Sebenarnya dari tiga bulan persiapan sebelum turun di AFF, kami sudah mengantongi 31 nama pemain. Kuota pemain di kualifikasi Piala Asia lebih banyak yakni 23 pemain. Tentu, dari daftar 20 pemain yang ikut AFF kemarin, bisa saja ada yang keluar dan digantikan dengan yang lain.
Visi Anda dalam memandang sepak bola?
Prinsip saya sih sederhana, hanya dua. Berusaha keras mencetak gol sebanyak-banyaknya dan jangan sampai kebobolan. Tidak perlu kita meminta pemain untuk bermain cantik dengan meniru tiki taka ala Barcelona. Orang-orang kita bakal mumet sendiri.
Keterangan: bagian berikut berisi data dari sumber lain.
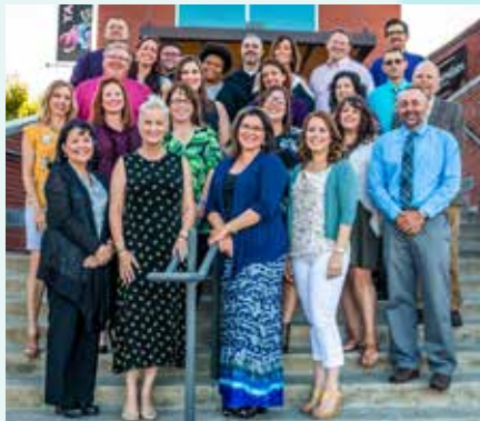
Leadership Yakima Class of 2017

The 2017 Veteran, Dependents, and Graduates Job Fair is another program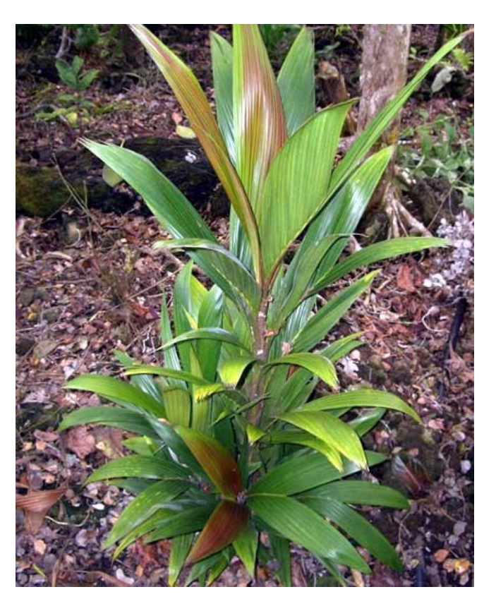
Calyptrocalyx sp. 'sanumb'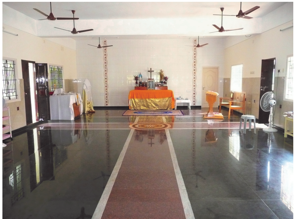
The interior of the new chapel. The floor is made of polished granite.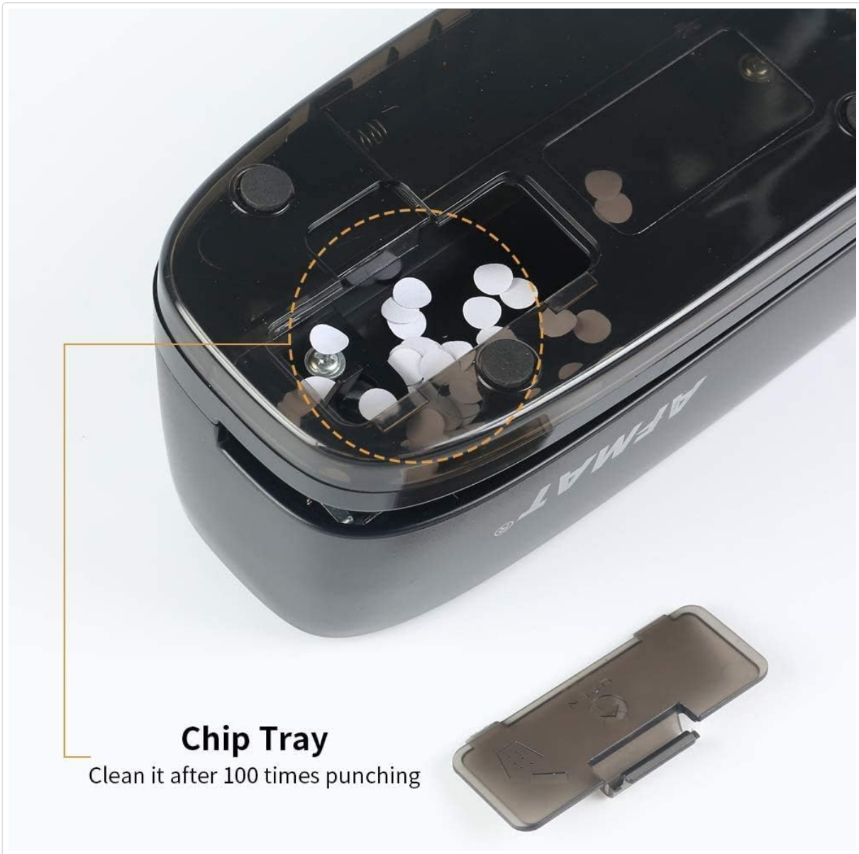
Image: The transparent chip tray on the underside of the punch, indicating when it needs to be cleaned.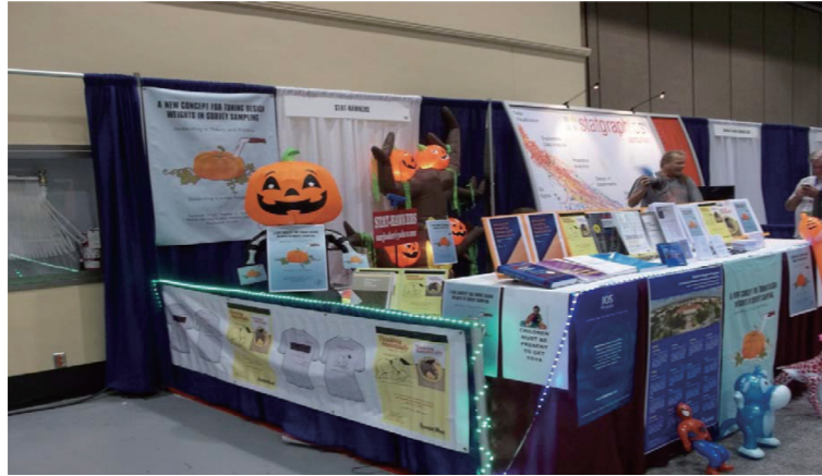
Fig. 2. Booth appearance from the left side corner.

The booth was decorated by blinking LED lights on the front and left side, as seen in Fig. 2.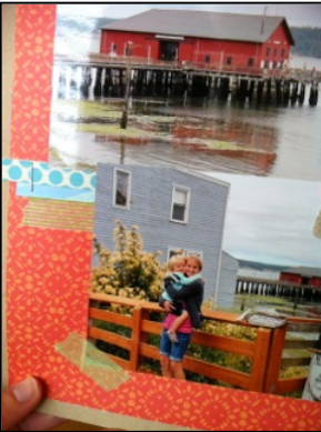
Photo Corners: I love the look of washi tape over photo corners. This is such an easy way to add some color or pattern to your page, and give an "old scrapbook" style look to your pages.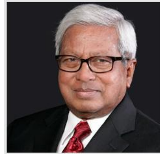
Sir Fazle Hasan Abed KCMG, Founder and Chairperson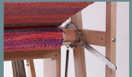
Convenient, smooth warp tension and advancement control while seated, with foot operated friction rear brake and front steel ratchet.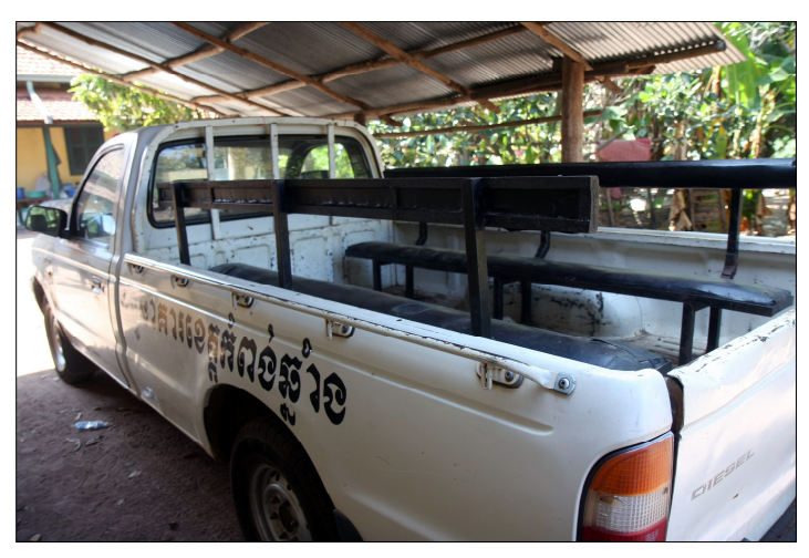
An inmate transportation vehicle at Kampong Chhnang provincial prison.

GDP's long-distance inmate transport network remains a shadow of what is needed to fulfill the requirements of the law. Inmates are occasionally moved to alleviate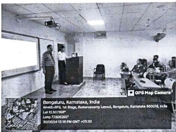
Bengaluru, Karnataka, India WH48+RFB, 1st Stage, Kumaraswamy Layout, Bengaluru, Karnataka 560078, India Lat 12.907188° Long 77.566285° 30/08/24 12:18 PM GMT +05:30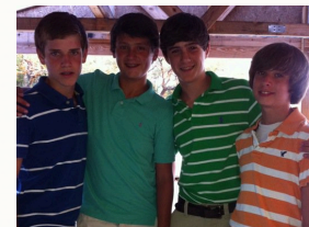
Dress up night at camp.

This mission trip is for the seasoned and new-comer to mission work. Each day you will experience a different type of mission activity. You will work construction, rebuilding homes from the fires, day camp for children, painting and more. You will get a flavor of different kinds of mission ministry and have an opportunity to connect with one or more of them. This will be a week of discovering your gifts and your passions!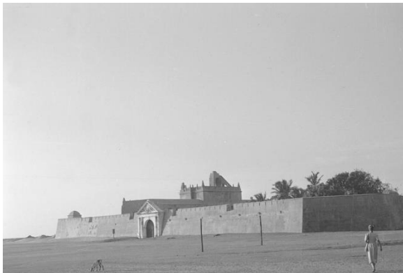
Fort Dansborg seen from the Parade Ground.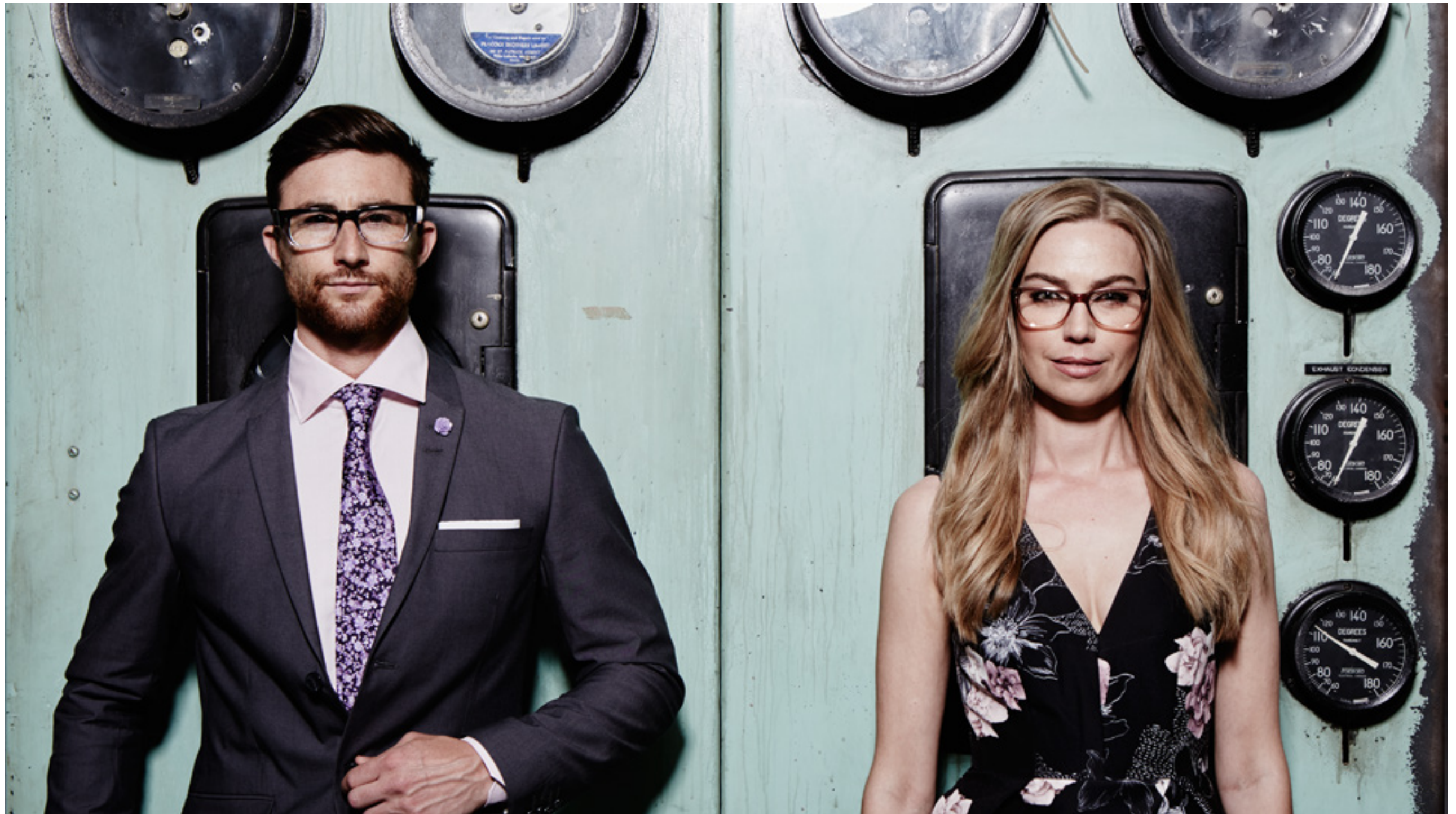
Garrison Rd. in Dark Grey Crystal Fade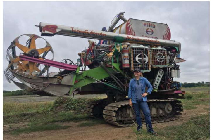
A Thai combine

I am excited to see what the rest of our time here in Thailand brings and am so thankful for this opportunity to learn about this amazing country.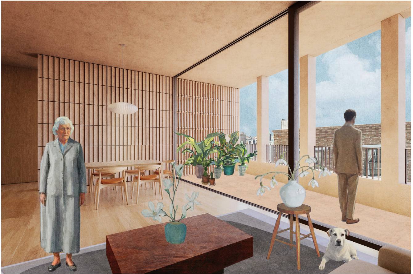
BERGEN BROOKLYN — BROOKLYN, NYC, USA 2024 INTERIOR APARTMENT WITH THE EXTERIOR TERRACE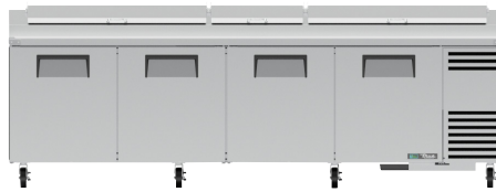
Straight-On Front View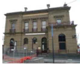
FORMER ES&A BANK SOHE 2008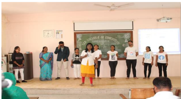
Drama presentation on social issues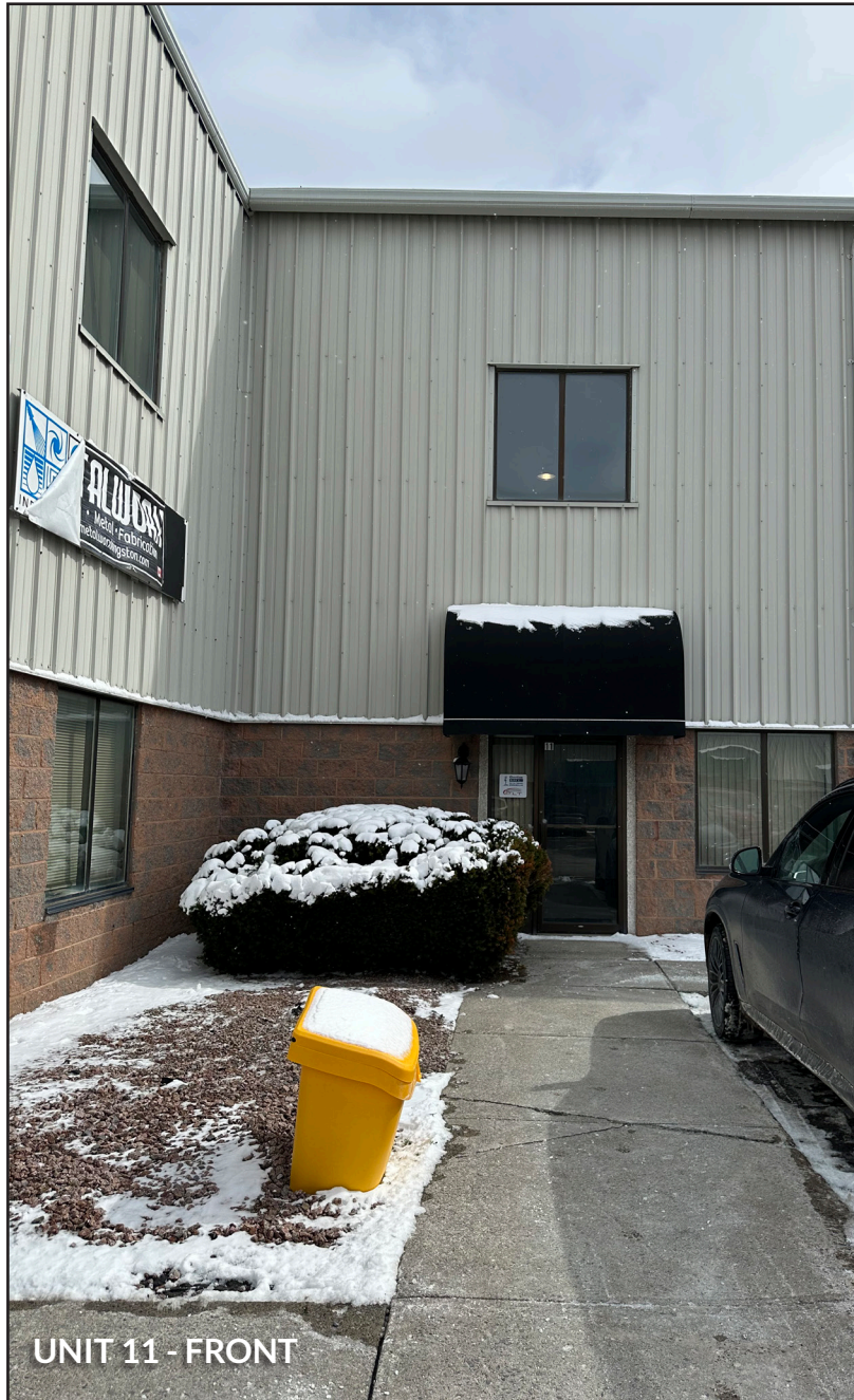
UNIT 11 - FRONT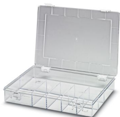
Assortment box, 8 compartments

https://www.phoenixcontact.com/us/products/5145180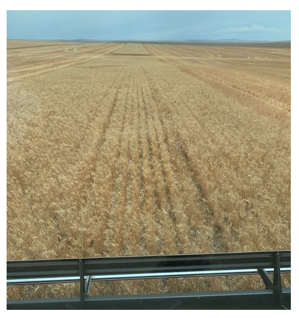
Morrow County, June 28, 2023, Hard Red Winter Wheat.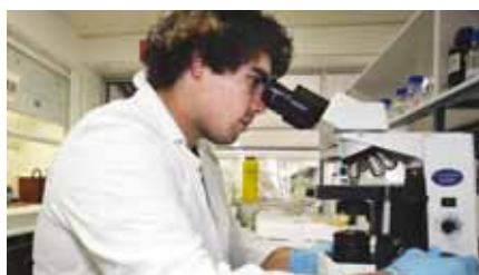
■ Funding successes will help USC develop its research capacity.

He said the University's Research Futures Project was an integrated package of initiatives with research partners comprising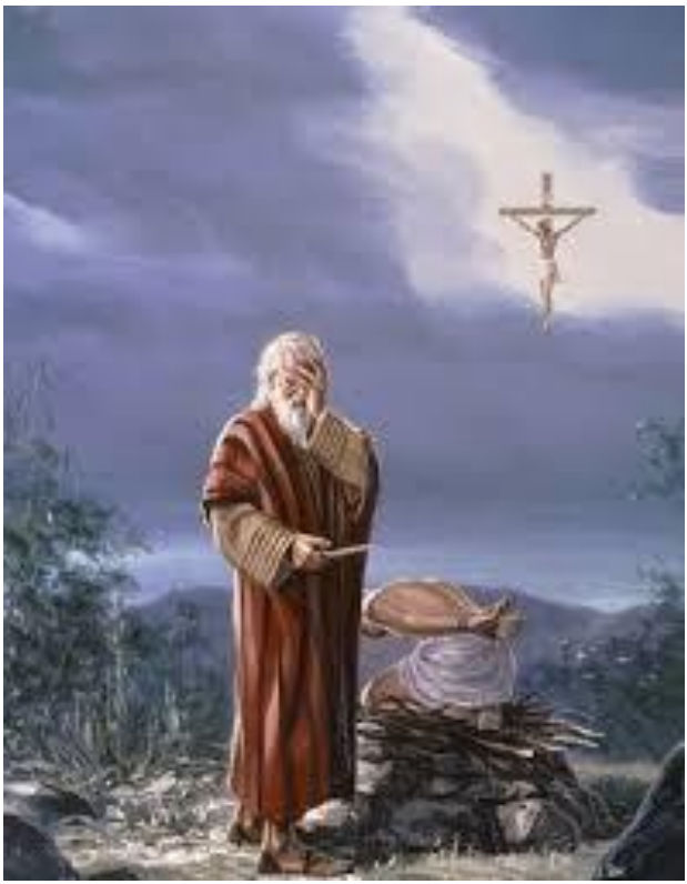
'In the Shadow of the Lamb: Jesus in Genesis 22' Apple Eye Ministries

We read this story with hindsight knowing that at the last moment God intervened. But Abraham went up the mountain in obedience, trusting God, not knowing what the end result would look like. Did he believe that God would provide an alternative sacrifice?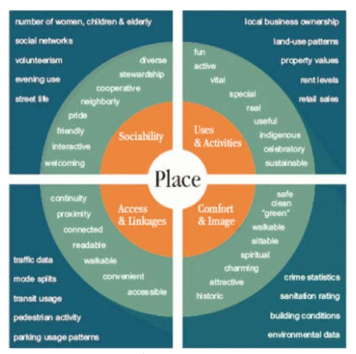
Figure 2: Components of placemaking | Graphic by Glenn Pape of MSU Land Use Institute from a similar graphic by Project for Public Places, New York.

The most important thing about "quality place" is that each community has its own unique characteristics. Each community has its own set of assets and attributes that are genuine for that community. One should build on those unique assets to enhance and build place.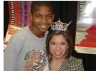
Miss Delaware celebrates SOR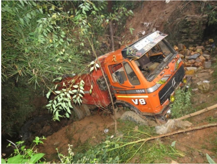
This is the truck that fell off the cliff.

I contacted the UN peacekeepers in Bukavu and they sent two helicopters and 3 ambulance which allowed us to bring 12 of the badly injured people from there to the Bukavu general hospital. Thanks to the Monescu (UN in DRC) help, they arrived in 30 minutes and 11 of them are now recovering in hospital. Unfortunately though, one lady died from her wounds. However, we thank God for the lives that were saved and people in the South Kivu Province are happy that we all assisted so quickly with this disaster.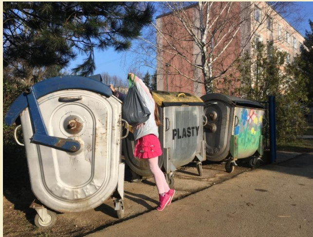
Winning photo: On Tiptoes (category: 11-14)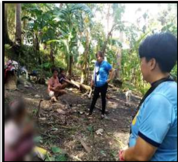
Attendance/Conduct of Provincial & Municipal Activities of People's Organization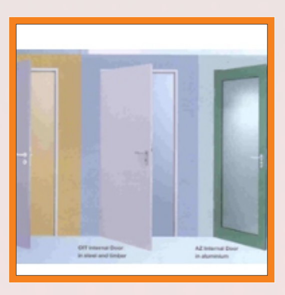
Steel Soundproof Door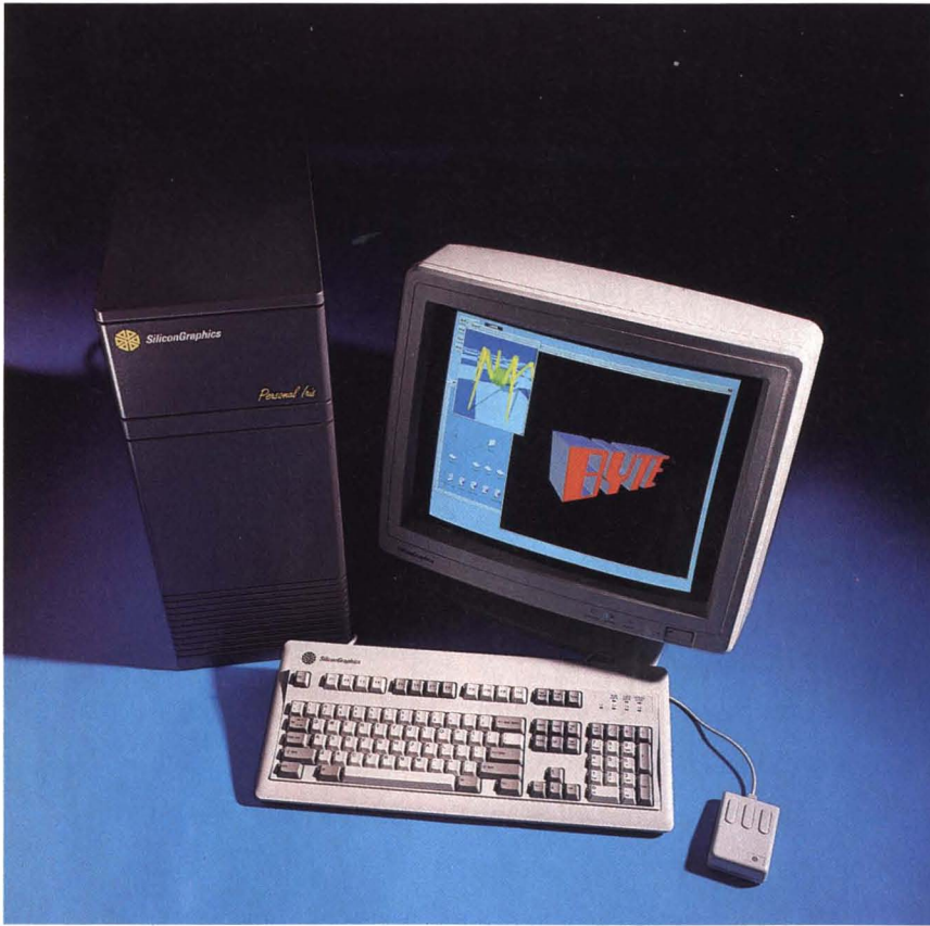
The Silicon Graphics Personal Iris Turbo workstation. I created the BYTE logo shown on-screen as a 3-D object. The Iris can set the logo in motion, recalculating and redrawing every polygon in real time.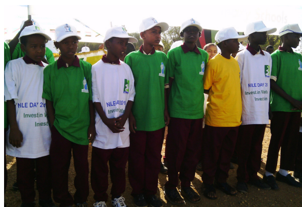
Children joined celebrations of the Nile Day 2015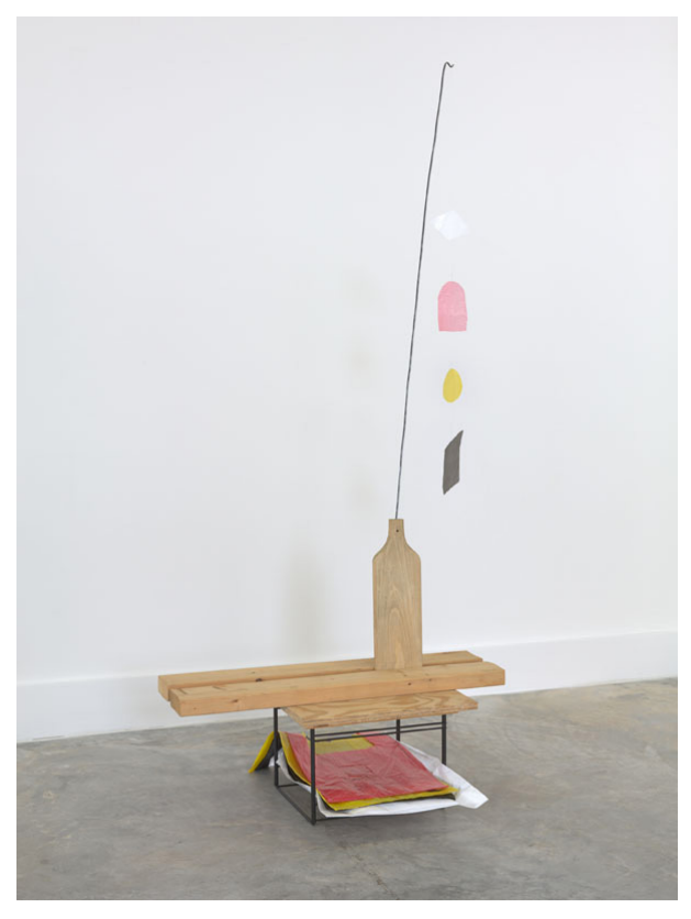
B. Wurtz, Untitled , 1997. Wood, wire, metal, plastic bags. 67 \times 30 \times 21 inches.

Rail: I recently re-read the Calvin Tomkins interviews with Duchamp and one thing that came up a lot and kept bringing me to your work is the importance of decision with the work—your gesture.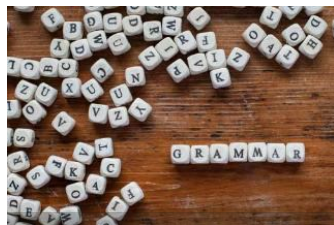
Easy Learning English Grammar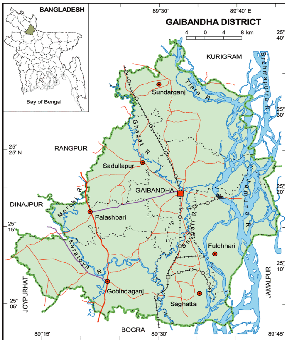
Fig. 1. A map of Gaibandha district showing study location

Where, total cost implies the cost of all inputs including cultural, intercultural and post-harvest operation and other expenses. Gross return represents the market value of harvested grain and straw of BUdhan1.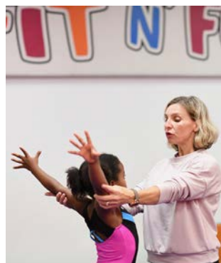
3X Olympic Gold Medalist and 7X Gold Medal World Champion Daniela Silivas.

Our philosophy has been the same for over 30 years. The Aerials program builds confidence through

Bagaimana mempertahankan performa pemain?
Itu memang sudah kami bahas dengan PSSI. Tim ini juga diproyeksikan untuk SEA Games 2017. Saya sudah berdiskusi dan meminta kepada PSSI untuk terus memberikan jam terbang kepada pemain dengan mengikuti segala kompetisi internasional.
Kita juga jangan lagi beruji coba dengan tim-tim lokal. Bila perlu kita meniru program-program di negara lain dengan menjalani tur Asia bahkan Eropa.
Bagaimana pandangan Anda terkait pembinaan usia muda di Indonesia?
Yang paling saya perhatikan adalah bahwa para pelatih usia muda yang ada di Indonesia kebanyakan tidak menyiapkan faktor non-teknis.
Kebanyakan lebih fokus meningkatkan kemampuan individu pemain, padahal attitude pemain juga harus diperhatikan. Jangan sampai pemain bisa jadi idola tapi tidak bisa jadi panutan. Ini tugas semua pelatih tim usia muda dan juga saya tentunya.